Вдруг что-то шевельнулось в глубине памяти. Как будто голос кого-то ему напомнил… Кого? Неужели отца? Но отец умер, когда был моложе этого… странного… дедули.

Вася прыгал на носках своих дорогущих кроссовок, чтобы не потерять ритм и не остудить тело. Сейчас, сейчас он побежит дальше…

– Так это ж дед мой, наверное, – Вася усмехнулся очевидной догадке.

А женский голос в первом отрывке – бабка? Вася попытался перемотать запись, чтобы еще раз прослушать загадочные разговоры.

Но записей не было – во всяком случае там, где он их слышал. Что это? Скорее всего, блуждающие звуковые артефакты, которые появились после перехода с физических на электромагнитные носители, – когда облачные сервисы стали невидимы и теперь находились в пространстве комнаты, в салоне автомобиля, вокруг идущего человека… Артефакты могли случайно прилепиться к любому треку из миллионов в домашнем облаке Васи. Как мелкие обрезки скотча, липнущие ко всем поверхностям, кроме мусорного ведра.
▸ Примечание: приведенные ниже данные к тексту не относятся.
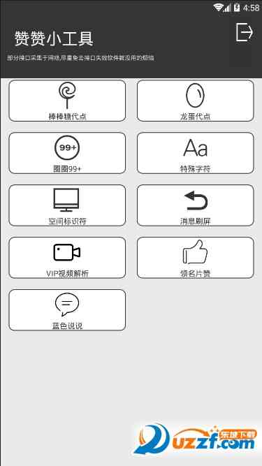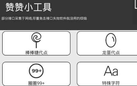 摆烂... 赞赞小工具app是一款专门点赞的手机小工具, 包括qq,qq空间,快手,抖音等等都是支持的,还有球球大作战的棒棒糖,龙蛋领取,各种vip视频解析等等功能!
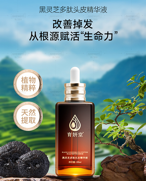 18 味名貴中草藥 + 梯田淘米水發酵提取物 + 黑紫靈芝多肽萃取精華,精準作用毛囊。
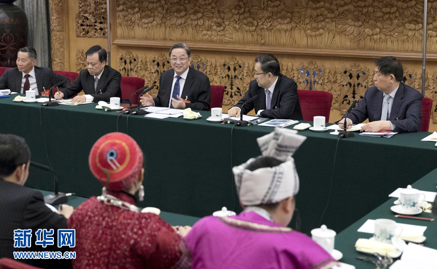3月9日,中共中央政治局常委、全國政協(xié)主席俞正聲參加十二屆全國人大五次會(huì)議貴州代表團(tuán)的審議。 新華社記者 丁海濤 攝
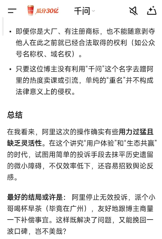 该事件引发网友热议,甚至还有人在千问互动,问千问的看法?千问表示,阿里的这番操作有些用力过猛且缺乏灵活性,最好的结局或许是停止无效投诉,找该公众号的注册人友好协商补偿事宜,既解决了问题,又能挽回一波口碑。
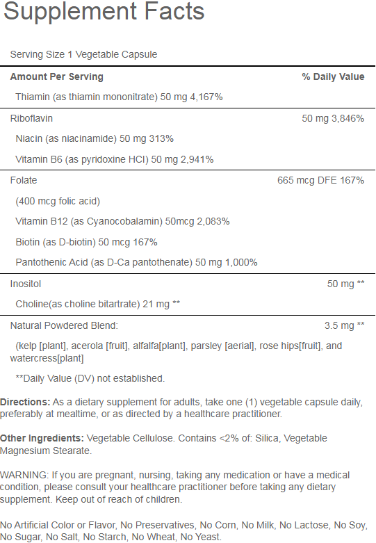 Витамины группы В действуют более результативно в комплексе, чем работа каждого витамина В по отдельности. Комплекс витаминов Mega B-150 содержит B-1, B-2, ниацин, B-6, инозит, ПАБА, пантотеновую кислоту и холин, а также B-12, биотин и фолиевую кислоту которые необходимы для полноценного усвоения питательных веществ (белки, жиры, углеводы), нормализации работы всего организма.
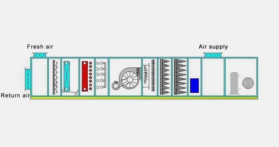 L'air neuf traité par l'unité de traitement d'air (UAM) est mélangé à une partie de l'air repris, filtré par le FFU et envoyé vers la salle blanche. Après refroidissement ou réchauffement par la batterie sèche, l'air intérieur est renvoyé vers le canal de reprise et mélangé à l'air neuf supplémentaire pour former un système de circulation d'air en boucle fermée.
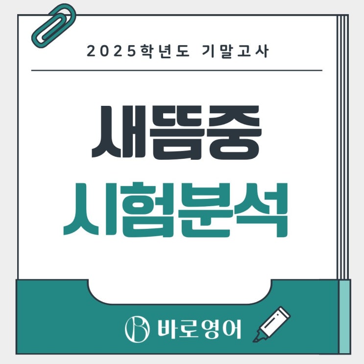 새뜸중 2학년 시험분석 새뜸중 영어 총평 전체적인 문제 난이도는 어렵진 않았으나, 기초적인 문법부터 심화적인 문법을 모두 다루는 본문 내용과 어법 문제로 체감상 어렵게 느껴졌을 수 있음. 꾸준하고 반복적인 문법 학습이 이루어져야 풀 수 있는 어법 문제들로 구성이 되어 있기 때문에 앞서 배웠던 문법 지식을 계속해서 가지고 나아가야 할 필요성이 보인 시험이었음. 또한, 본문 속 지문이 기존의 내신 지문에 비해 문장이 길고 타임라인이 복잡했기 때문에 독해력이 필요로 한 시험이었으며, 독해 공부도 꾸준히 지속된 아이들은 내용 이해가 용이 했을 것이지만, 독해와 내용 요약 스킬이 어려운 아이들에게는 본문 이해가 어려워 내용....... <img src="https://blogthumb.pstatic.net/MjAyNTEyMDFfMjAw/MDAxNzY0NTg1MzUxMTM4.Uif_hrnBXK9E6Hbt-VD19RNDELFBAgZMj9Ld1Z_BD4Eg.S_6hiRyqZ60tiV3gsdkTLYlq1HPPO2tBsajkBBFHslwg.JPEG/3.jpg?type=s3" />
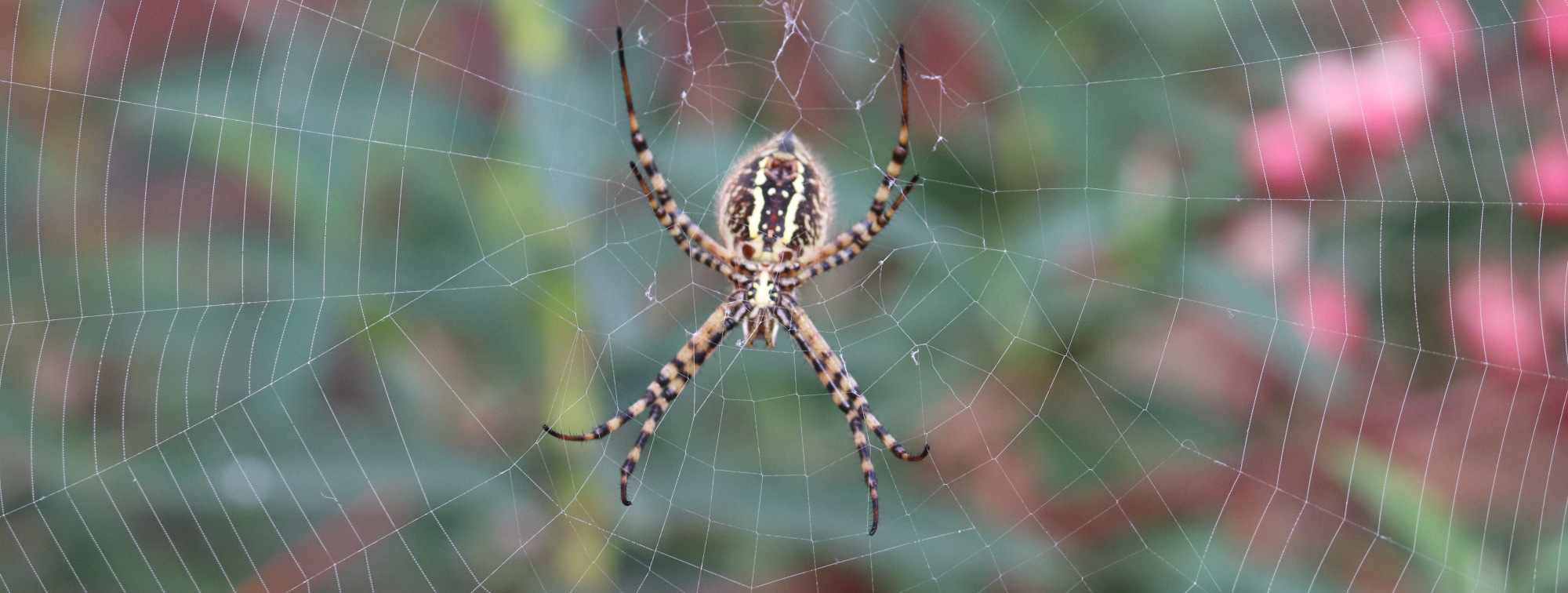 Amy spotted this big orb weaver hanging out in the backyard. She really dislikes the close up of the legs, but I liked how the hairs helped it with the web.
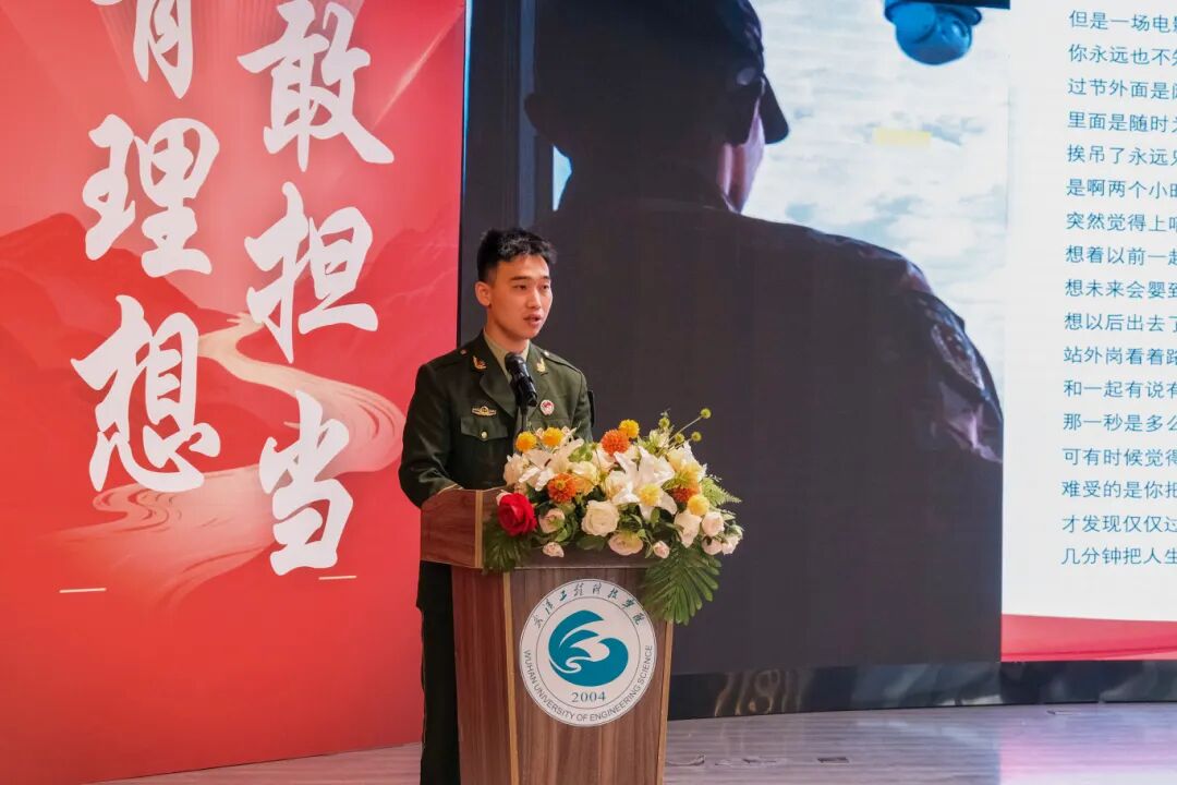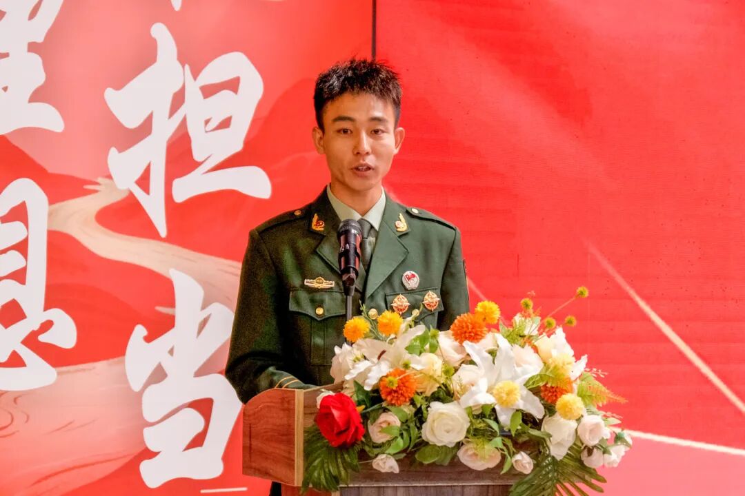 计算机与人工智能学院的苏太成作为优秀退役大学生代表进行军旅故事分享。他分享了自己在服役期间从普通战士到班长的成长故事,深刻体会到捍卫家国的责任与担当。他指出,尽管军旅生涯中有伤病和对亲情的遗憾,但这些经历使他更加坚强。他认为,五年军旅生涯重塑了他,让他更加忠诚、有责任感和坚持到底。他呼吁同学们勇敢参军,在军营中磨砺自我,用实际行动书写青春华章。
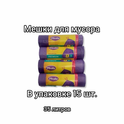 Мешки для мусора 35 литров 15 штук с завязками 4 упаковки

Басы в наушниках делали легкий точечный массаж, в новую музыкальную тему он не вслушивался. Добежал до конца улицы: сосны стояли плотной стеной, лениво покачивая в вышине пушистыми зелеными облачками. Они пахну`ли на Васю смолистым духом, насыщенными ароматами влажных ночных трав. Первые еще не лучи, а отсветы восходящего солнца уже пробивались, разгоняя колодезную тьму в глубине чащи. Хотелось постоять здесь подольше. Подождать и встретить солнце. Но вдруг в ушах что-то хрипнуло.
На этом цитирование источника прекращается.